Myeloid cell‐specific mutation of Spi1 selectively reduces M2‐biased macrophage numbers in skeletal muscle, reduces age‐related muscle fibrosis and prevents sarcopenia

Ying Wang 1,2, Steven S Welc 3,4, Michelle Wehling‐Henricks 5, Ying Kong 1,6, Connor Thomas 5, Enca Montecino‐Rodriguez 6, Kenneth Dorshkind 6, James G Tidball 1,5,6,
PMCID: PMC9577952  PMID: 36098370

Abstract

Intramuscular macrophages play key regulatory roles in determining the response of skeletal muscle to injury and disease. Recent investigations showed that the numbers and phenotype of intramuscular macrophages change during aging, suggesting that those changes could influence the aging process. We tested that hypothesis by generating a mouse model that harbors a myeloid cell‐specific mutation of Spi1, which is a transcription factor that is essential for myeloid cell development. The mutation reduced the numbers of macrophages biased to the CD163+/CD206+ M2 phenotype in muscles of aging mice without affecting the numbers of CD68‐expressing macrophages and reduced the expression of transcripts associated with the M2‐biased phenotype. The mutation did not affect the colony‐forming ability or the frequency of specific subpopulations of bone marrow hematopoietic cells and did not affect myeloid/lymphoid cell ratios in peripheral blood leukocyte populations. Cellularity of most myeloid lineage cells was not influenced by the mutation. The Spi1 mutation in bone marrow‐derived macrophages in vitro also did not affect expression of transcripts that indicate the M2‐biased phenotype. Thus, myeloid cell‐targeted mutation of Spi1 influences macrophage phenotype in muscle but did not affect earlier stages of differentiation of cells in the macrophage lineage. The mutation reduced age‐related muscle fibrosis, which is consistent with the reduction of M2‐biased macrophages, and reduced expression of the pro‐fibrotic enzyme arginase. Most importantly, the mutation prevented sarcopenia. Together, our observations indicate that intramuscular, M2‐biased macrophages play significant roles in promoting detrimental, age‐related changes in muscle.

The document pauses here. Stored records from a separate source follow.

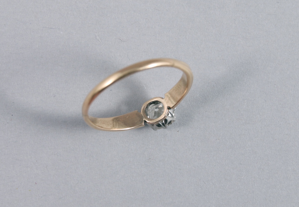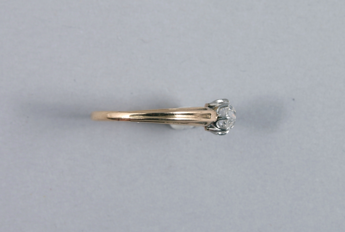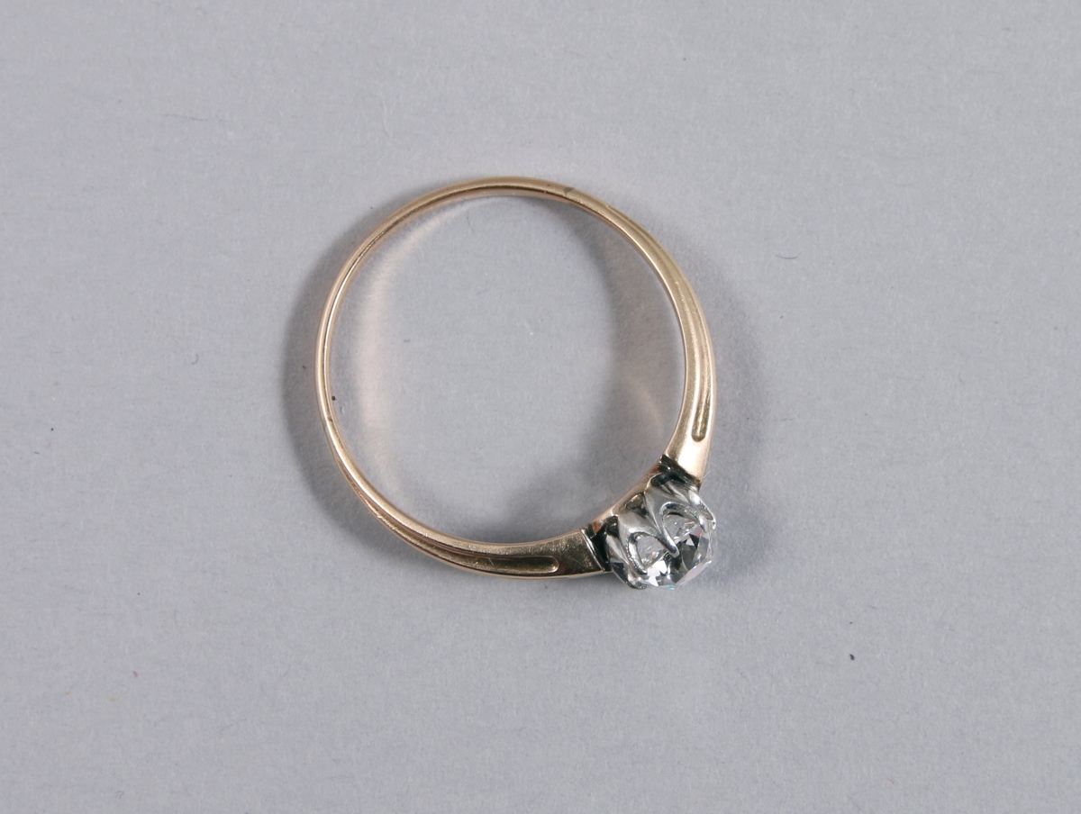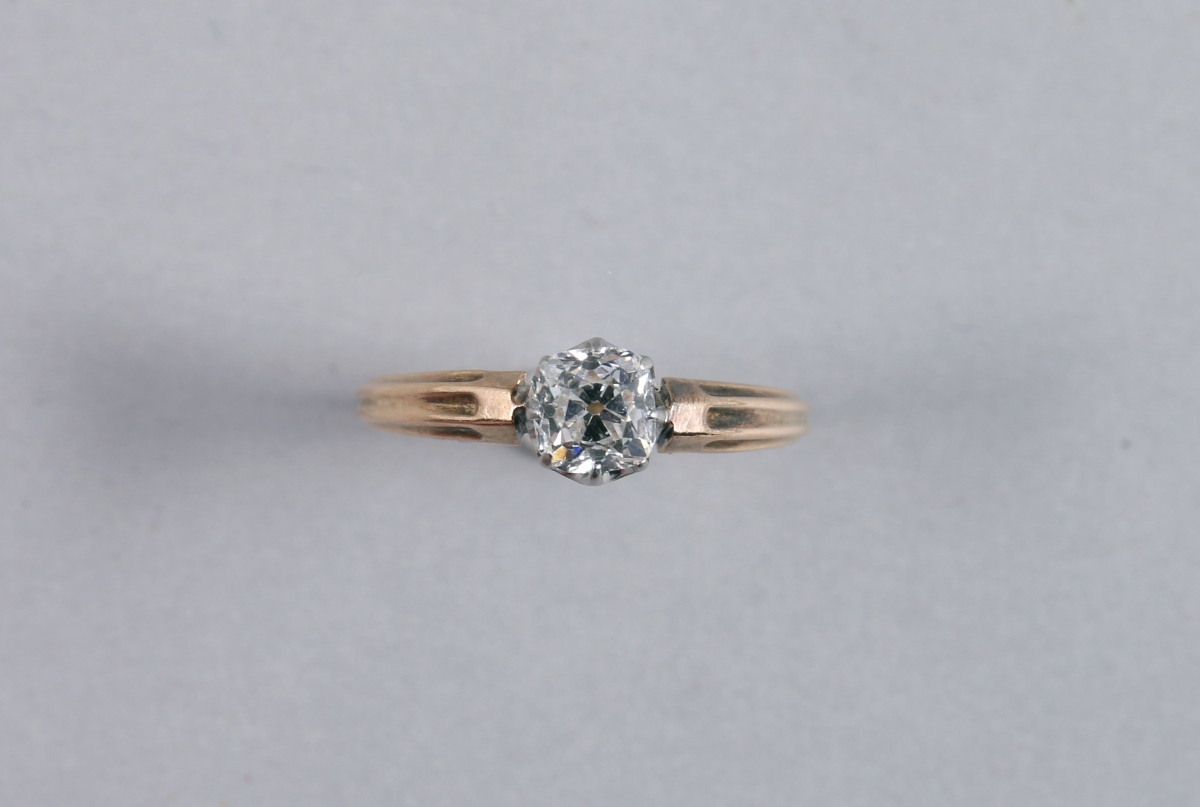 BAGUE en or jaune 18K ornée d'un DIAMANT solitaire de forme coussin et de taille ancienne d'environ 0,75 ct.
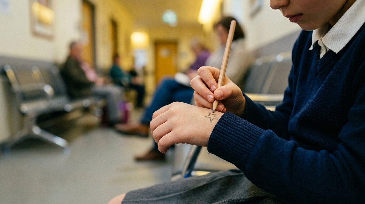 Жёлтый свет ламп, пять человек в очереди, стул с подлокотником, к которому прилипала ладонь. Пахло хлоркой и чем-то мятным – из кабинета за стеной. Полина сидела тихо, карандаш в руке, рисовала на руке. Всегда рисовала. Если не было бумаги – на салфетке, на полях тетради, на билете из автобуса. Врач посмотрела горло, послушала лёгкие, выписала направление на сдачу анализов.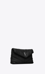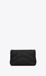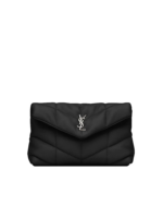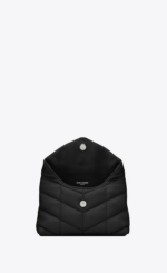 Crafted from 100% lambskin, this elegant small pouch features a soft, puffy silhouette with silver-toned metal hardware for a refined finish. The interior is lined with grosgrain and includes one main compartment, three card slots, and a removable card case with a dedicated receipt pocket. Secured with a magnetic snap closure.-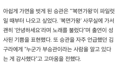 가면을 벗은 승관은 "'복면가왕'이 파일럿일 때 부터 나오고 싶었다. '복면가왕' 사무실에 가서 괜히 '안녕하세요'라며 노래를 불렀다"고 밝힌 승관 ㅋㅋㅋㅋㅋㅋㅋㅋㅋ
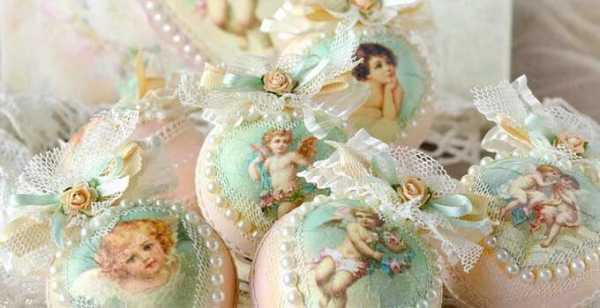 Приклеивать картинки нужно аккуратно, сверху проглаживая изображение кистью с клеем, чтобы бумага намокла и прижалась к игрушке. После высыхания можно дополнительно декорировать безделушку с помощью акриловой краски или блесток. В конце обработать всю поверхность лаком, что закрепит слои и придаст блеск.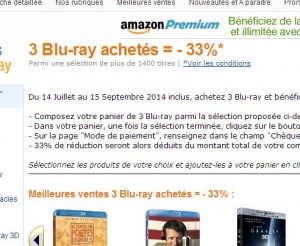 Offre interessante pour completer sa collection de blu ray … sur amazon on a 33% de remise sur l’achat de 3 blu ray au choix parmi des centaines dans tous les genres … enfants, comedie, fantastiques, drame , policier …. Avec aussi des titres 3d …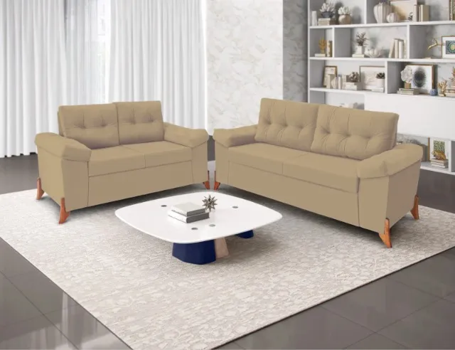 Este conjunto de sofá de 2 e 3 lugares, é a combinação perfeita de conforto e sofisticação para sua sala de estar. Com design moderno e funcional, ele é ideal para aproveitar momentos de descanso e lazer em família ou com amigos. A estrutura em madeira de eucalipto reflorestado garante durabilidade, enquanto o estofado com espuma de alta qualidade e revestimento 100% suede proporciona um toque macio e confortável. Perfeito para quem busca praticidade e elegância, este é a escolha ideal para tornar seu ambiente ainda mais aconchegante e estiloso.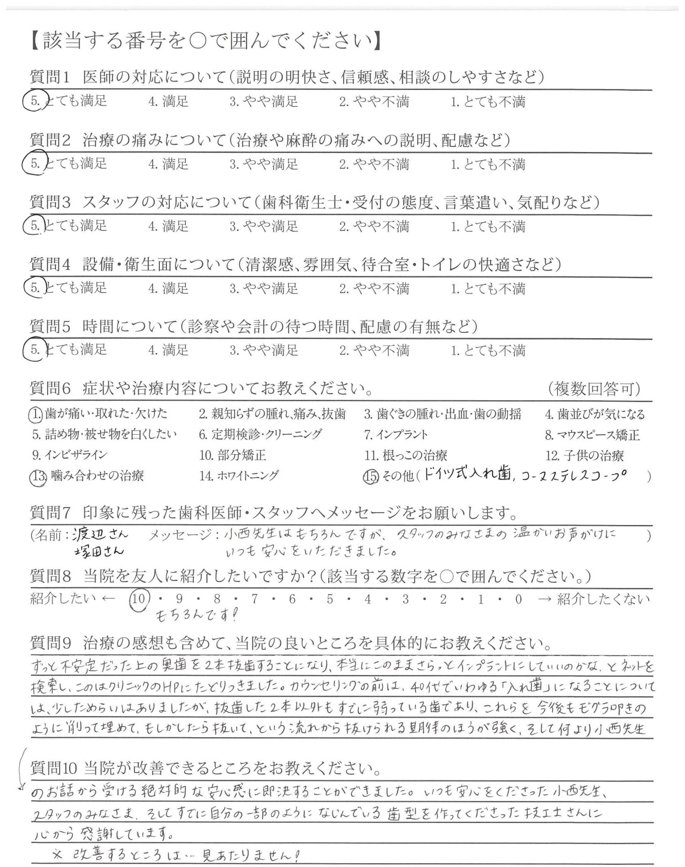 先生の技術力の高さ、誠実なお人柄と歯科衛生士の皆さんの心配り等、素晴らしいでインプラントとドイツ式義歯は何のトラブルもなく、1年半前には想像できないくら快適で、長年の悩みや心配がなくなりました。本当に感謝しております。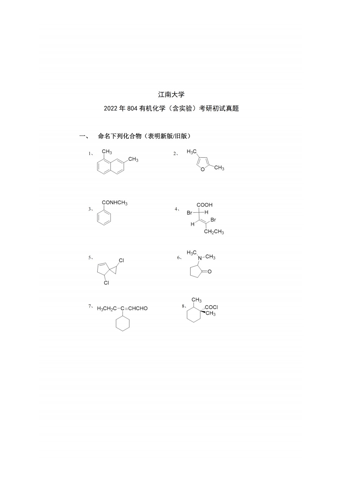 江南大学804有机化学(含实验)2022年真题

Keywords: aging, macrophage, Sarcopenia, skeletal muscle

Muscle aging leads to sarcopenia, which is characterized by reductions in muscle mass and muscle fiber size and is also associated with increases in muscle fibrosis. In our investigation, we show that the targeted mutation of the transcription factor Spi1 in myeloid cells, causes a selective reduction in the activation of intramuscular macrophages to an M2‐biased phenotype and that leads to reductions in sarcopenia and fibrosis during muscle aging. These findings show an important role for M2‐biased macrophages in age‐related changes in skeletal muscle.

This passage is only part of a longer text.